Journal of Imaging Informatics in Medicine
|May 28, 2026
Summary
This study integrates uncertainty quantification into SwinIR super-resolution for mammography, enhancing model transparency. Uncertainty maps reveal model behavior, acting as a tool for interpretability, not correctness, in phantom imaging.
Area of Science:
- Medical Imaging
- Artificial Intelligence
- Image Processing
Background:
- Deep learning models like SwinIR lack transparency, hindering clinical trust in mammography.
- Uncertainty quantification is crucial for assessing the reliability of AI-driven medical imaging.
Purpose of the Study:
- To develop and evaluate a framework for integrating uncertainty quantification into the SwinIR super-resolution model for mammography.
- To address the "black box" limitation and enhance the interpretability of AI models in medical imaging.
Main Methods:
- Incorporated Monte Carlo (MC) Dropout into the SwinIR model to generate super-resolved mammography images and pixel-wise uncertainty maps.
- Evaluated the framework on a standardized mammography phantom using standard super-resolution and image enhancement tasks.
Main Results:
- The L1 SwinIR model achieved a high structural similarity index (0.982) in super-resolution, outperforming bicubic interpolation.
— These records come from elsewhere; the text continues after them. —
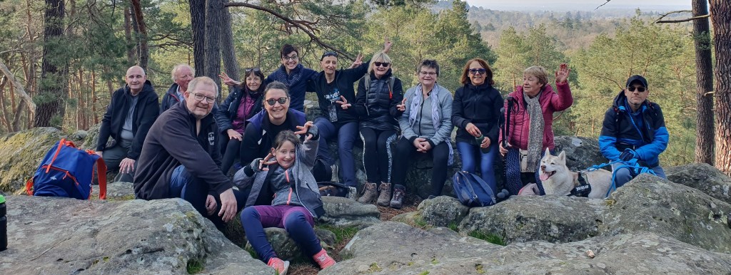 Il est 11 heures, lorsque Les Joyeux Pataugas, foulent cet inouï plateau du Restant du Long Rocher. Honneur est donné en premier au panorama sud, ensuite vient la Grotte Béatrix, qui doit son nom à une belle Florentine dont a été amoureux le poète italien Dante Alighieri et où bien sûr, les Joyeux Pataugas ne manquent pas de poser et de s’immortaliser !!! Puis c’est au tour du long point de vue sud d’être assiégé et contemplé… Sincèrement, Monsieur Denecourt, respect !!! Il aurait été dommage de priver les amoureux de la forêt bellifontaine de ces vues !!! D’ailleurs voyez comme Les Joyeux Pataugas ravis, posent ici et là, même Raïka, la chienne husky paonne, sidérée par le spectacle !!!
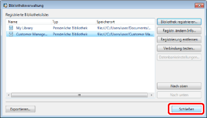 Prüfen Sie, ob der Empfänger unter [Registrierte Bibliotheksliste] hinzugefügt wurde, und klicken Sie auf [Schließen].
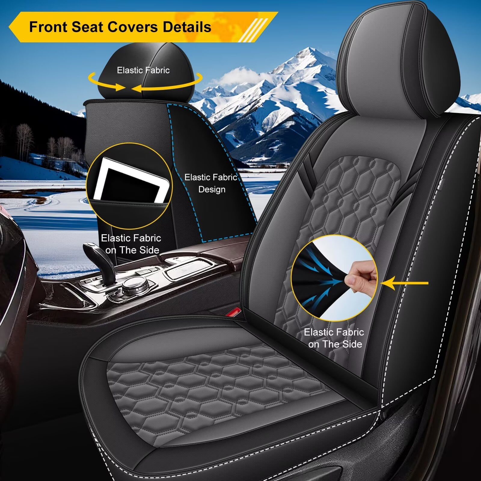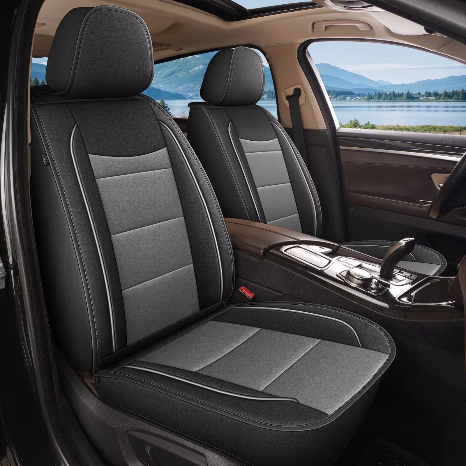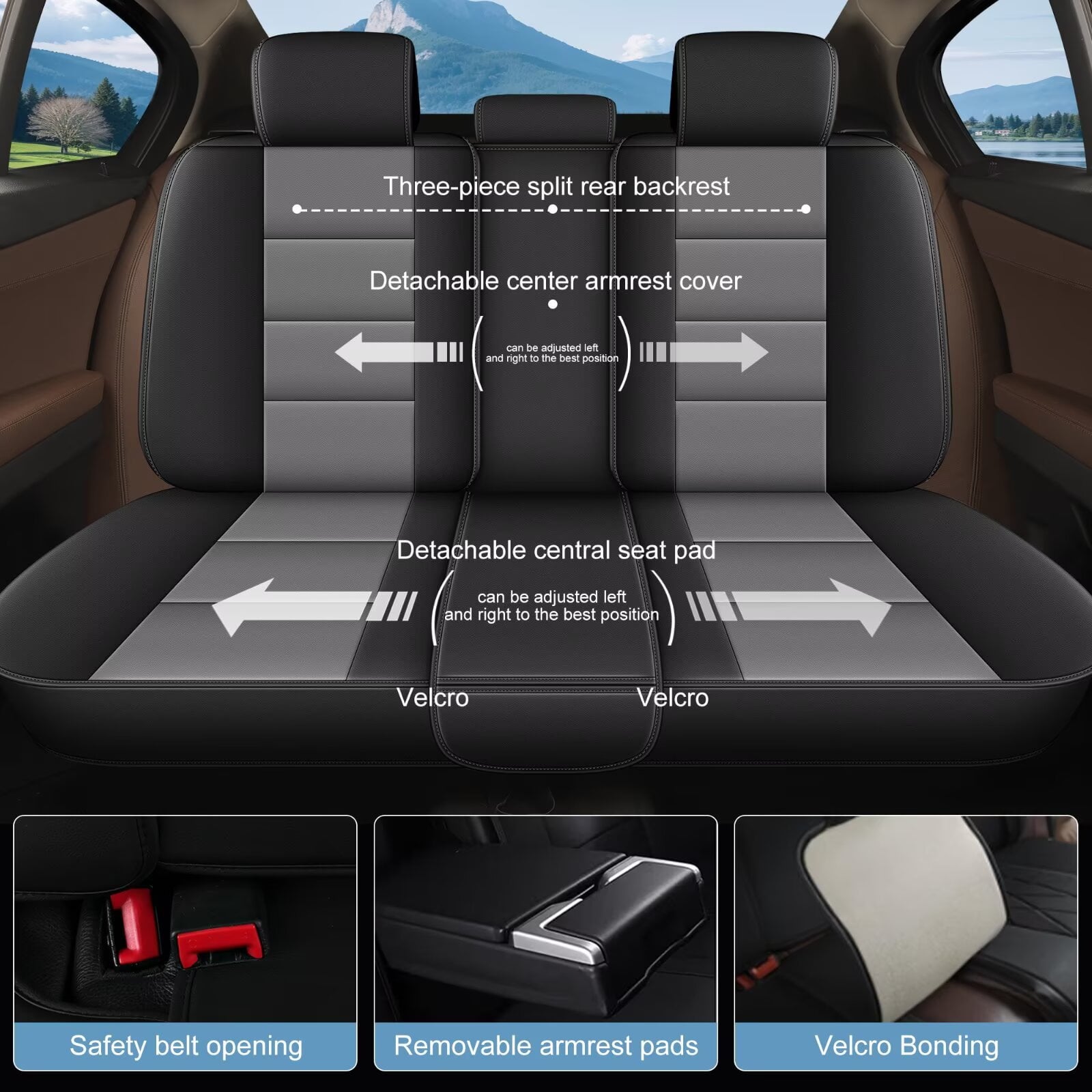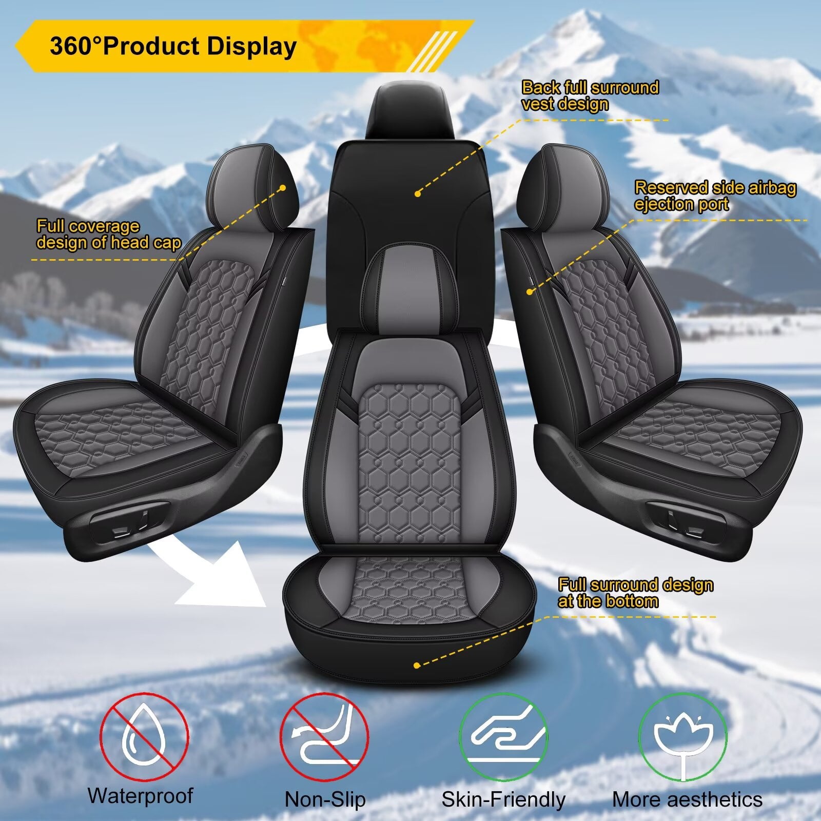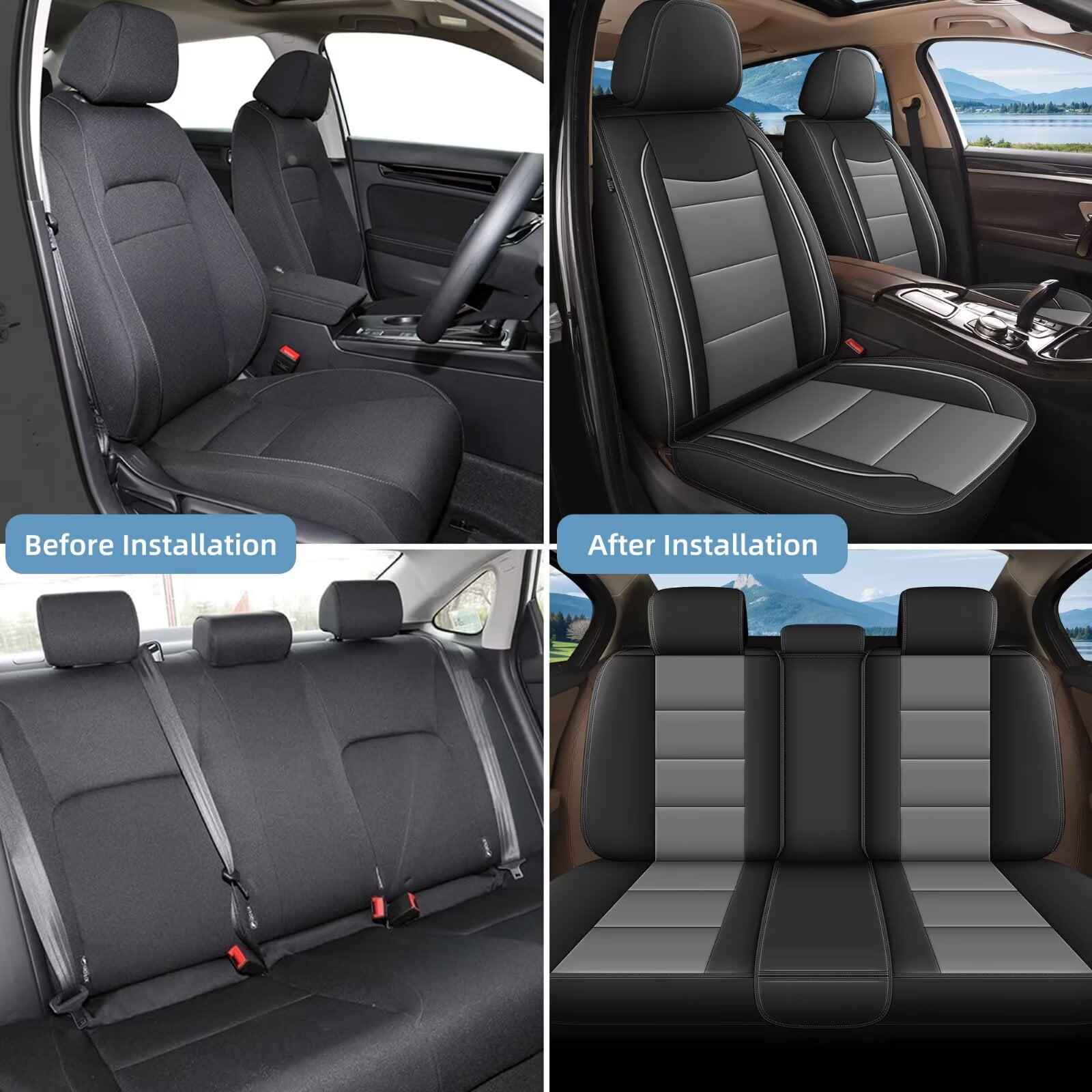 AOMSAZTO Car Seat Covers Full Set Fit for Toyota RAV4 2007-2024 2025: Waterproof Leather Automotive Seat Cushion Protector(Black + Gray)

- Uncertainty maps demonstrated context-dependent behavior, with low uncertainty for preserved high-frequency structures and high uncertainty for sharpened features.
- Analysis revealed an overconfident rate in low-contrast regions, where low uncertainty did not always correlate with low error.
Conclusions:
- The developed framework provides a transparency tool for AI in mammography, with uncertainty reflecting model behavior rather than direct error.
- Findings suggest potential for improved interpretability in medical imaging, but further validation on clinical data is necessary.
- Publicly available source code facilitates further research and development in AI-driven medical image analysis.